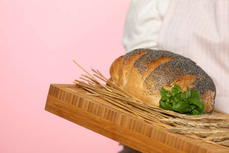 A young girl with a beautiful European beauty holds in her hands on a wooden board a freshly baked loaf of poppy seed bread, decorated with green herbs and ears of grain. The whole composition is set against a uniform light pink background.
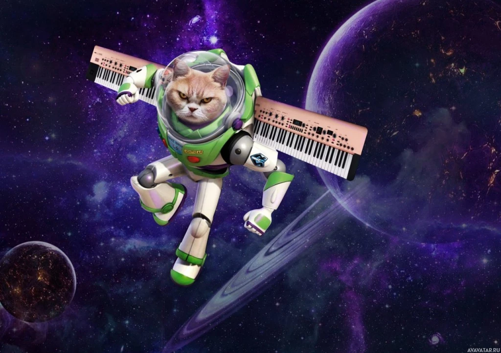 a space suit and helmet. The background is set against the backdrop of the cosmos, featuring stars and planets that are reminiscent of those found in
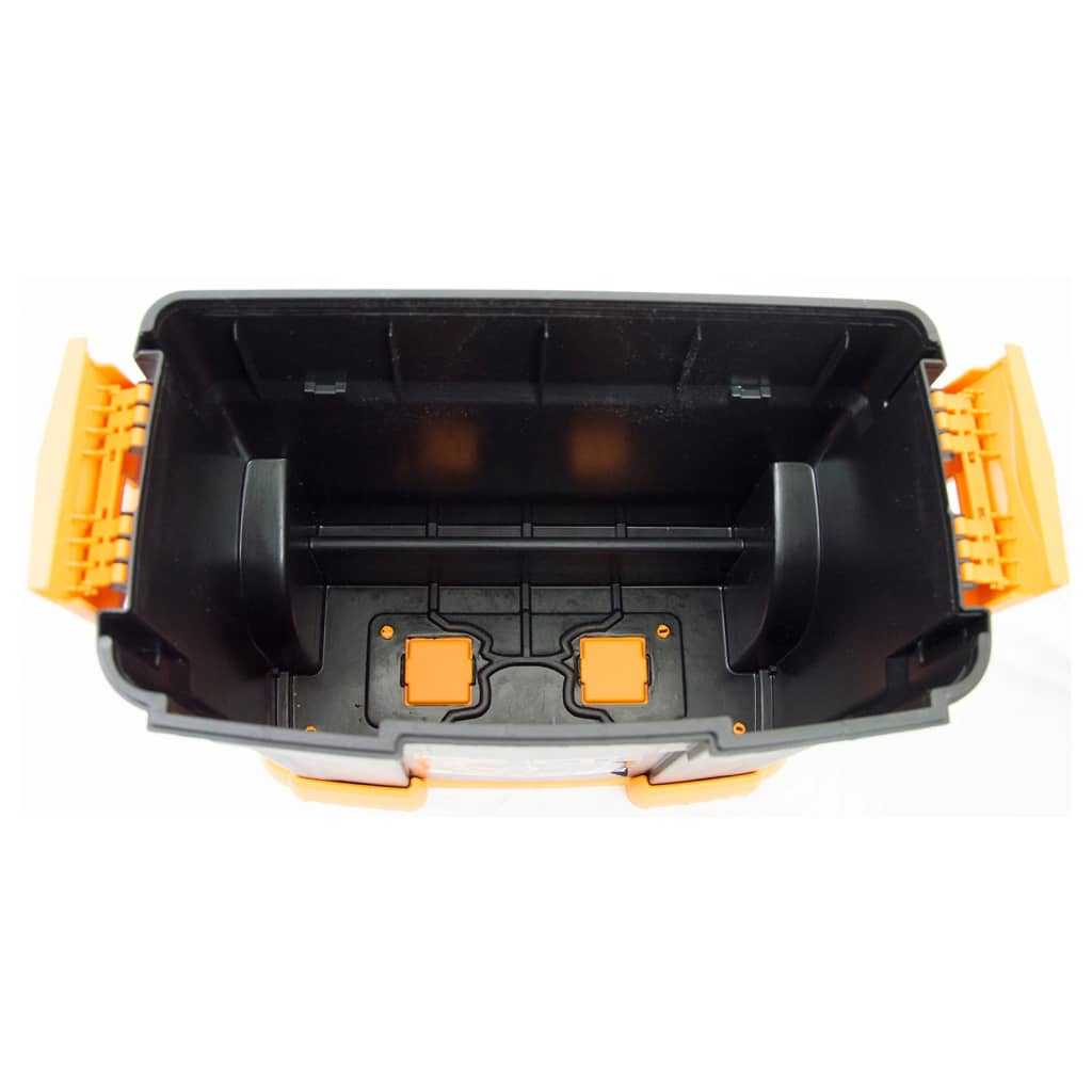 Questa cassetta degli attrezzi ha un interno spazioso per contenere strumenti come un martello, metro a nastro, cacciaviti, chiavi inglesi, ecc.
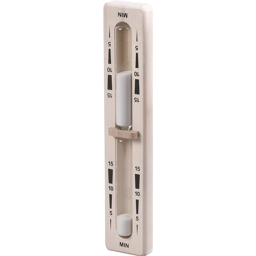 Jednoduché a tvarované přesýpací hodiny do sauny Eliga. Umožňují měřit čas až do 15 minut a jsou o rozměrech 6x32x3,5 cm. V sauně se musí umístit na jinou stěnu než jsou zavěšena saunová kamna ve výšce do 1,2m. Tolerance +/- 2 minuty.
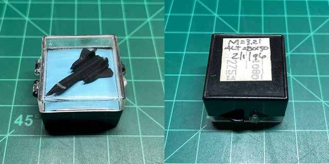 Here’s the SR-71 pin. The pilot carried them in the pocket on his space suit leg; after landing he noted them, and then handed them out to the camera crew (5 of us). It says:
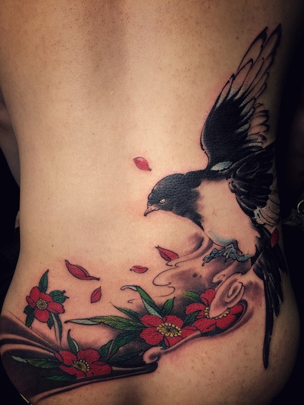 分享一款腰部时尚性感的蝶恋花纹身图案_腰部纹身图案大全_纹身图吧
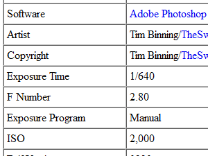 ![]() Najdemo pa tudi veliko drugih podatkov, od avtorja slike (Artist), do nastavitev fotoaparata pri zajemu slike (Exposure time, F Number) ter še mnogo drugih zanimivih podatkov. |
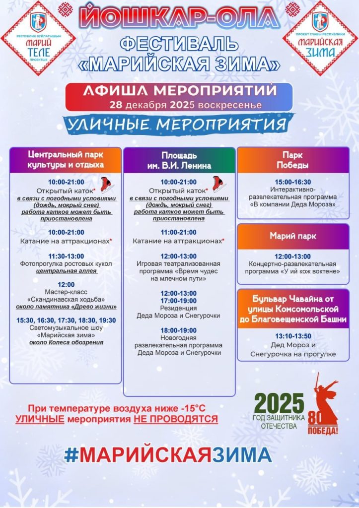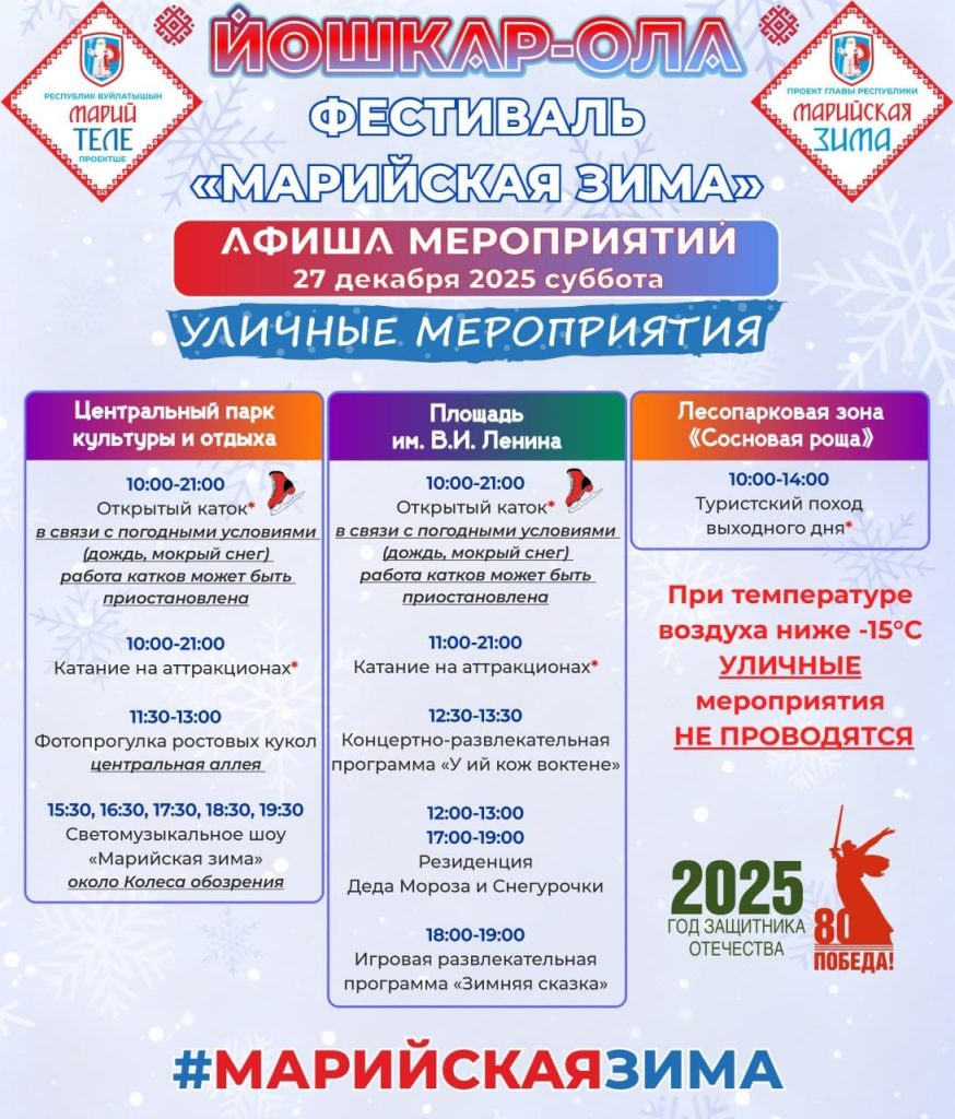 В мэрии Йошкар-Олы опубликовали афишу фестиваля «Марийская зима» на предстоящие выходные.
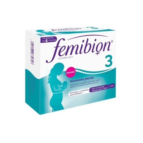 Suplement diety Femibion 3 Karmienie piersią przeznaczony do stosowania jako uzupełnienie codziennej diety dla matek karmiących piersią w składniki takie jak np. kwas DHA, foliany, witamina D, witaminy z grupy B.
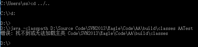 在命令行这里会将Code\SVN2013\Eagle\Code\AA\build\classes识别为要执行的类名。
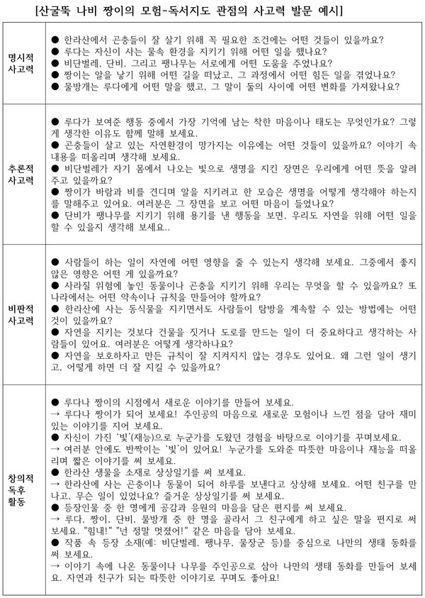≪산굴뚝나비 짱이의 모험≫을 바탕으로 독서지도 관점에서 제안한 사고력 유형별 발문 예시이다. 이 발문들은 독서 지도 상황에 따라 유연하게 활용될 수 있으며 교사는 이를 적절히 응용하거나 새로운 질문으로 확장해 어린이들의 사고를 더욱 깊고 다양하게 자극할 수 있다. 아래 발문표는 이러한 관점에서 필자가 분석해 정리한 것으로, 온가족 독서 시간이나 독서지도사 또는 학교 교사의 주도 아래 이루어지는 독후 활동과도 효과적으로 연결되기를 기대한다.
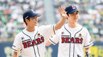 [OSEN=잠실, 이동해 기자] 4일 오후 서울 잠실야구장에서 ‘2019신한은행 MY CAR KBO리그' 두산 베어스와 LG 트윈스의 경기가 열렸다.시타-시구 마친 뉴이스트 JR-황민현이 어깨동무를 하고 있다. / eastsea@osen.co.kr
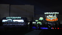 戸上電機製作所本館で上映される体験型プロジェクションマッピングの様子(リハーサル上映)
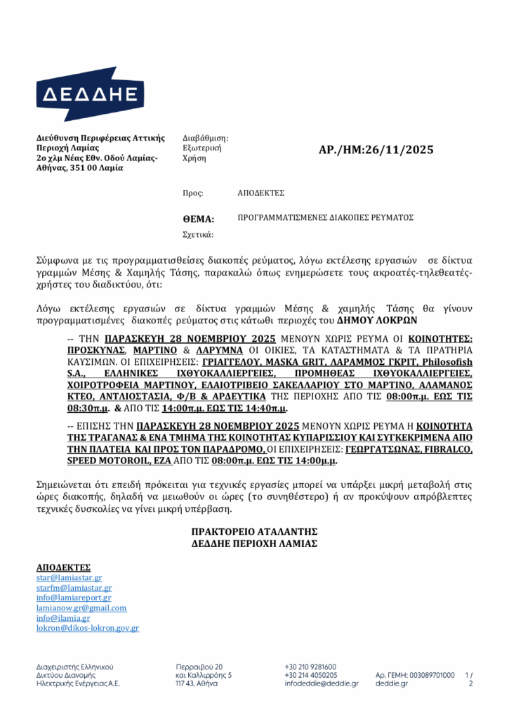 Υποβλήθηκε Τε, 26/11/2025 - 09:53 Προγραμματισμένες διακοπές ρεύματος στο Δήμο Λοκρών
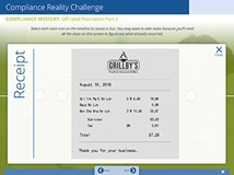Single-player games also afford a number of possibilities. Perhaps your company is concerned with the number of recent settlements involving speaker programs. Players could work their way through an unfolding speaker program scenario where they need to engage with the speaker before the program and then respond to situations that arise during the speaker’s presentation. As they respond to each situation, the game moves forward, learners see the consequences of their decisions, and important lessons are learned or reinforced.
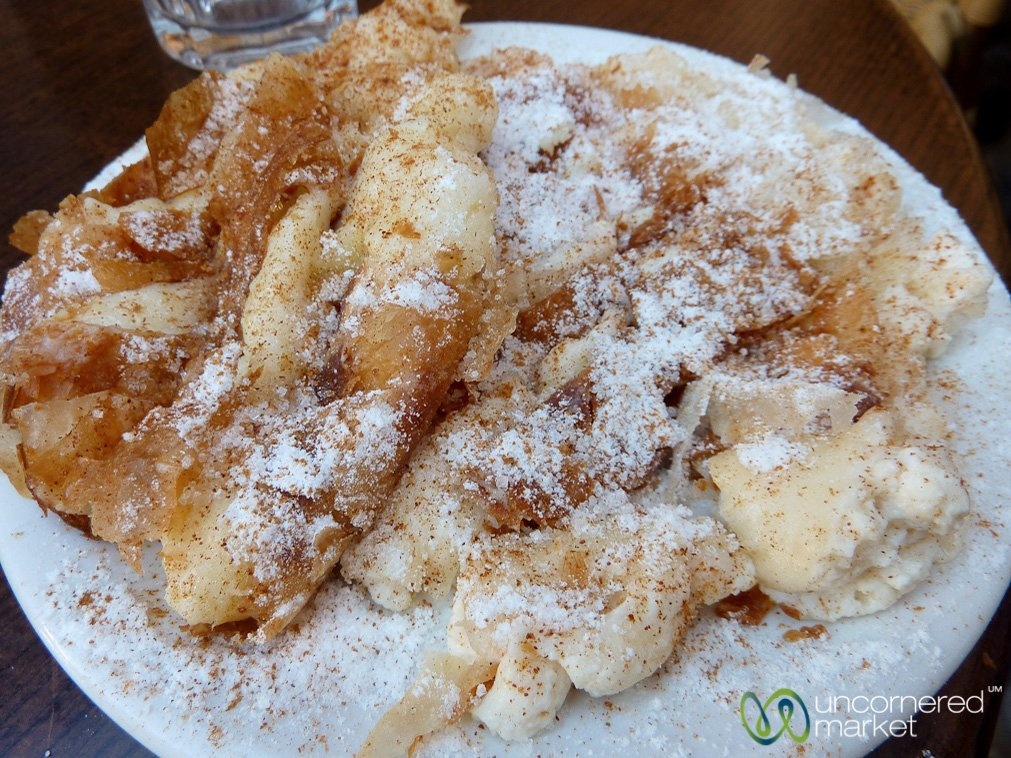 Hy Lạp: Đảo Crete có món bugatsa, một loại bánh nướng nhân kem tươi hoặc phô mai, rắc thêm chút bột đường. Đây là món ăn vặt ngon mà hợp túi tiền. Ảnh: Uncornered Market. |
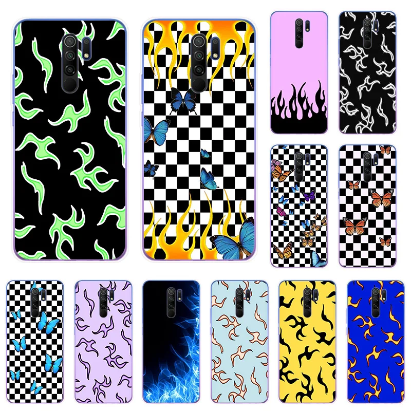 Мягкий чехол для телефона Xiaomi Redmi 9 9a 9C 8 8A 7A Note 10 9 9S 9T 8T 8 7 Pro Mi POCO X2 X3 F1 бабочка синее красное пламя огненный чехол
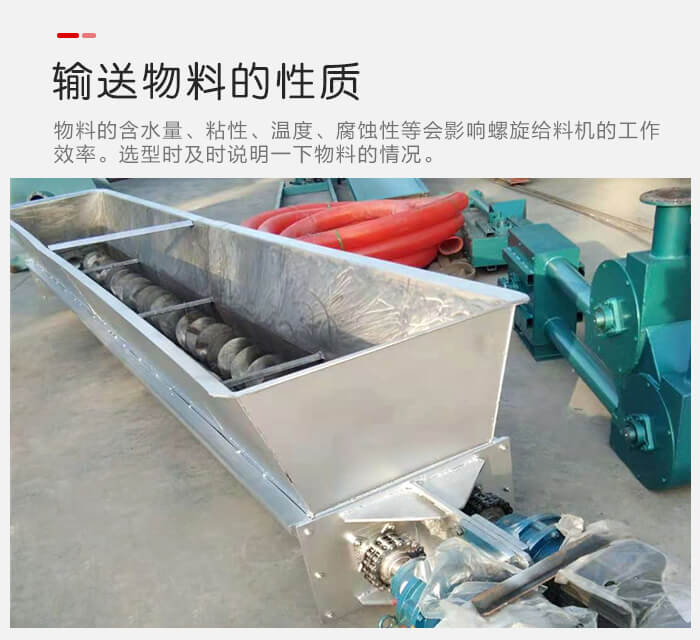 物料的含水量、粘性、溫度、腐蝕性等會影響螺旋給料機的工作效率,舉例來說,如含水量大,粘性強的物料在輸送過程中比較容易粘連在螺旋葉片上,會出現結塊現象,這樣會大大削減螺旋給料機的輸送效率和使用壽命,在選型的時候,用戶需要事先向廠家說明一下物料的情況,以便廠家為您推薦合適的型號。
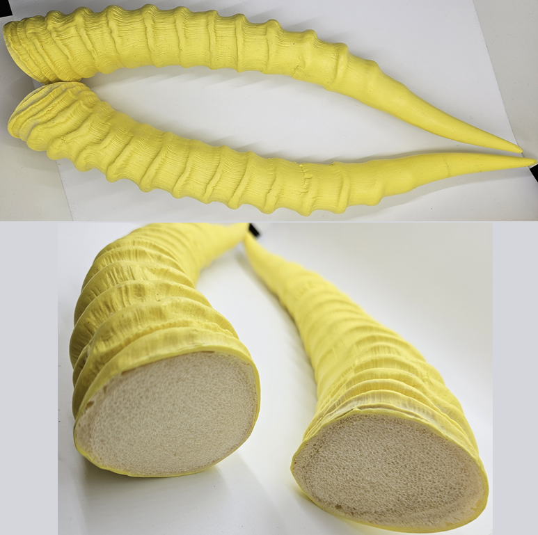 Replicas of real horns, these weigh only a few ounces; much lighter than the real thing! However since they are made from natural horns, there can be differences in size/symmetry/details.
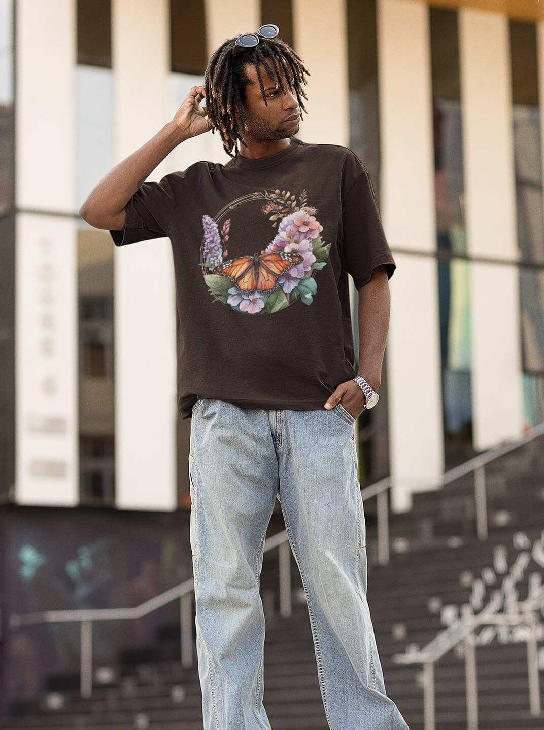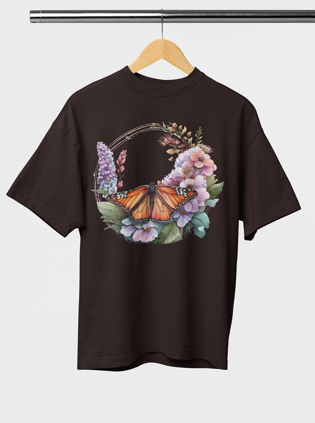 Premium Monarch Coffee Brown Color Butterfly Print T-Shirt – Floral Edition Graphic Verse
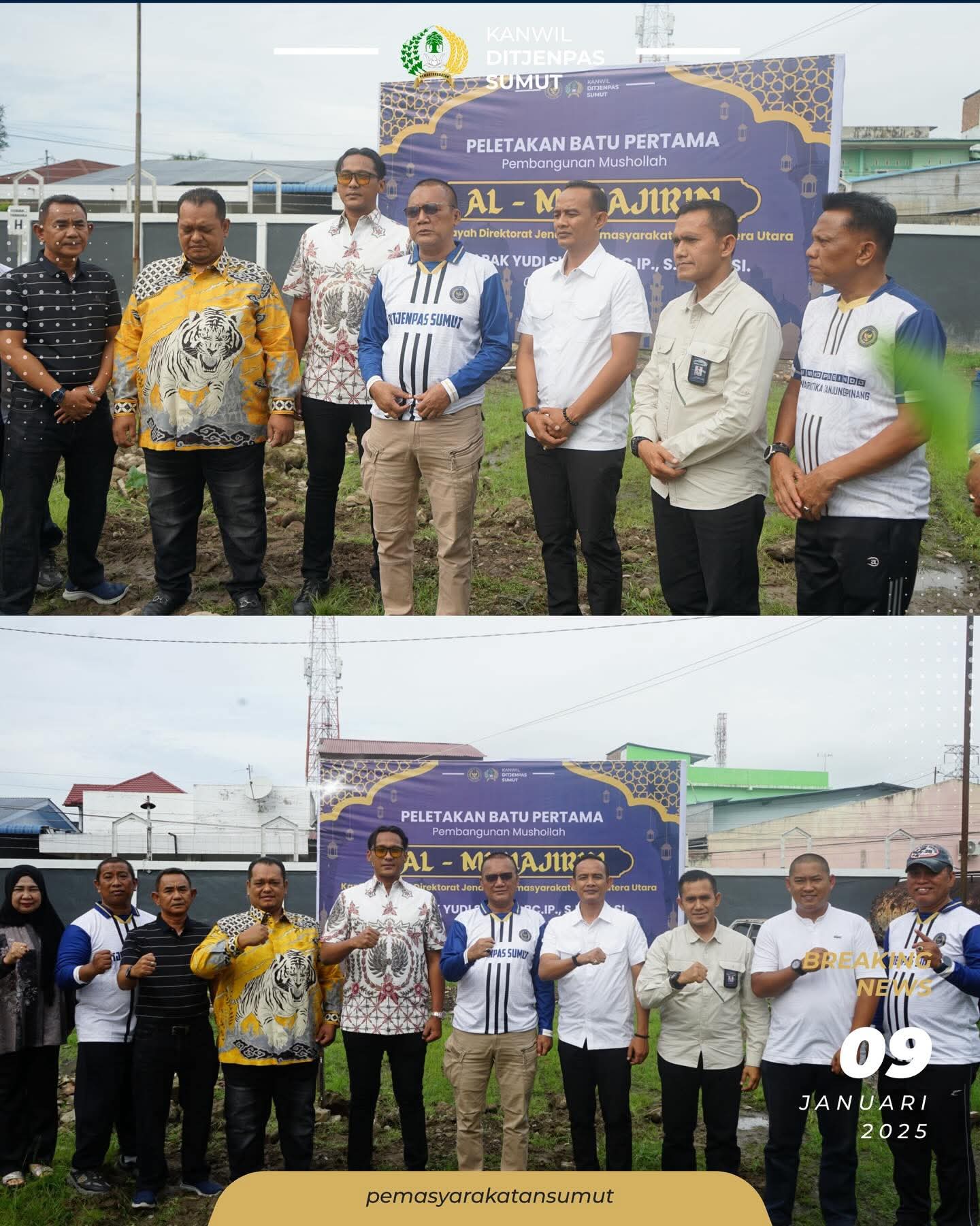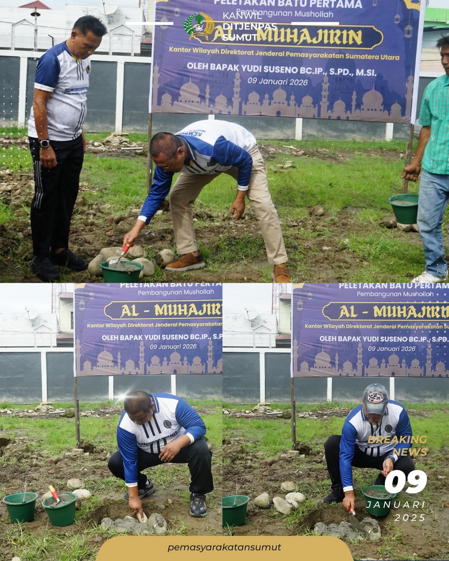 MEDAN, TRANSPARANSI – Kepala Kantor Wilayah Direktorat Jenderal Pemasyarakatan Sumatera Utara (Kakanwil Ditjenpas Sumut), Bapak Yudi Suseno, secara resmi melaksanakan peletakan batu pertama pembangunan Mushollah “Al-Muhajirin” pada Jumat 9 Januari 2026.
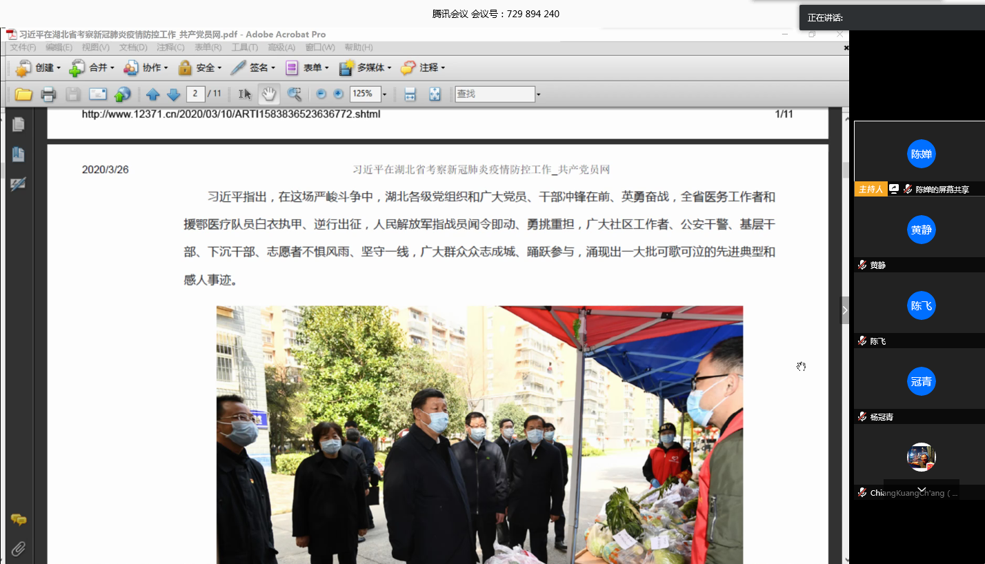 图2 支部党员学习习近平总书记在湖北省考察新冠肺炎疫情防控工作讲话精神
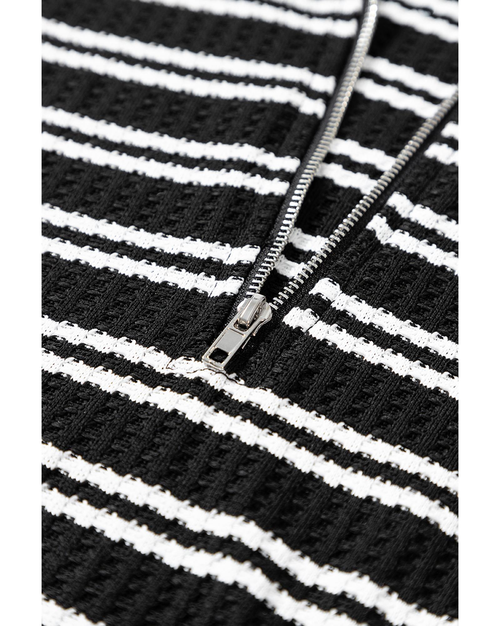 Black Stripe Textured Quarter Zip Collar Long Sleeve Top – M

* * *

Print everything from the line with "Suplement diety Femibion" down to the line with "Мягкий чехол для" in the entries above, both lines included and nothing more, without the pictures.

 Suplement diety Femibion 3 Karmienie piersią przeznaczony do stosowania jako uzupełnienie codziennej diety dla matek karmiących piersią w składniki takie jak np. kwas DHA, foliany, witamina D, witaminy z grupy B.
 在命令行这里会将Code\SVN2013\Eagle\Code\AA\build\classes识别为要执行的类名。
≪산굴뚝나비 짱이의 모험≫을 바탕으로 독서지도 관점에서 제안한 사고력 유형별 발문 예시이다. 이 발문들은 독서 지도 상황에 따라 유연하게 활용될 수 있으며 교사는 이를 적절히 응용하거나 새로운 질문으로 확장해 어린이들의 사고를 더욱 깊고 다양하게 자극할 수 있다. 아래 발문표는 이러한 관점에서 필자가 분석해 정리한 것으로, 온가족 독서 시간이나 독서지도사 또는 학교 교사의 주도 아래 이루어지는 독후 활동과도 효과적으로 연결되기를 기대한다.
 [OSEN=잠실, 이동해 기자] 4일 오후 서울 잠실야구장에서 ‘2019신한은행 MY CAR KBO리그' 두산 베어스와 LG 트윈스의 경기가 열렸다.시타-시구 마친 뉴이스트 JR-황민현이 어깨동무를 하고 있다. / eastsea@osen.co.kr
 戸上電機製作所本館で上映される体験型プロジェクションマッピングの様子(リハーサル上映)
 Υποβλήθηκε Τε, 26/11/2025 - 09:53 Προγραμματισμένες διακοπές ρεύματος στο Δήμο Λοκρών
Single-player games also afford a number of possibilities. Perhaps your company is concerned with the number of recent settlements involving speaker programs. Players could work their way through an unfolding speaker program scenario where they need to engage with the speaker before the program and then respond to situations that arise during the speaker’s presentation. As they respond to each situation, the game moves forward, learners see the consequences of their decisions, and important lessons are learned or reinforced.
 Hy Lạp: Đảo Crete có món bugatsa, một loại bánh nướng nhân kem tươi hoặc phô mai, rắc thêm chút bột đường. Đây là món ăn vặt ngon mà hợp túi tiền. Ảnh: Uncornered Market. |
 Мягкий чехол для телефона Xiaomi Redmi 9 9a 9C 8 8A 7A Note 10 9 9S 9T 8T 8 7 Pro Mi POCO X2 X3 F1 бабочка синее красное пламя огненный чехол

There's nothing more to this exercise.